The birefringent collagen content was determined using image-analysis software (Image J 1.37b) according to the methodology described by Manni et al. Data for each hue (red, orange, yellow, and green) were determined as a percentage of the total number of collagen pixels, which in turn was expressed as a percentage of the total number of pixels in the image.
Analyses were performed using GraphPad Prism software (GraphPad Software, San Diego, Calif). The Shapiro-Wilk test was used to confirm the normal distribution of all data ( P >0.05). One-way analysis of variance was followed by post-hoc Tukey test for multiple comparisons among groups ( P ≤0.05). The Kruskal-Wallis test followed by the Dunn test was used for stereometrics analysis ( P ≤0.05), and the Student t test was used for comparisons between 2 groups ( P ≤0.05).
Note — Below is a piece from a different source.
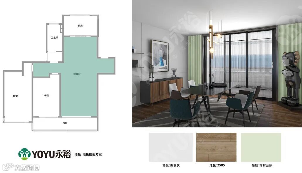 墙板-冰心美玉 格栅-车前草 地板-5001
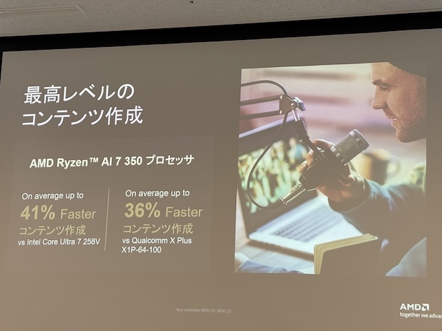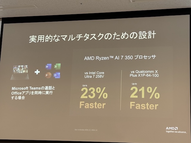 - Ryzen AI 300は、高速処理、高パフォーマンスを維持するプラットフォーム。特に、今後はAIを使いながら、Officeを使う、ゲーミングしながらAIを使うといったマルチスレッドの性能に重きを置いているそう。

Obesity was confirmed by measuring body and adipose tissue weight and by plasma lipid profile analysis. Animals in the O and OM groups presented a significantly higher body weight than nonobese animals (C and M) ( P <0.05) after the fourth week of high-fat diet intake. However, after the eleventh week, only animals from the O group showed a significant difference ( P <0.05) in comparison with the other groups ( Fig 1 , A ). At sacrifice, animals from both obese groups (O and OM) had significantly heavier epididymal, retroperitoneal, and mesenteric adipose tissues than the nonobese groups (C and M) ( P <0.05) ( Fig 1 , B ).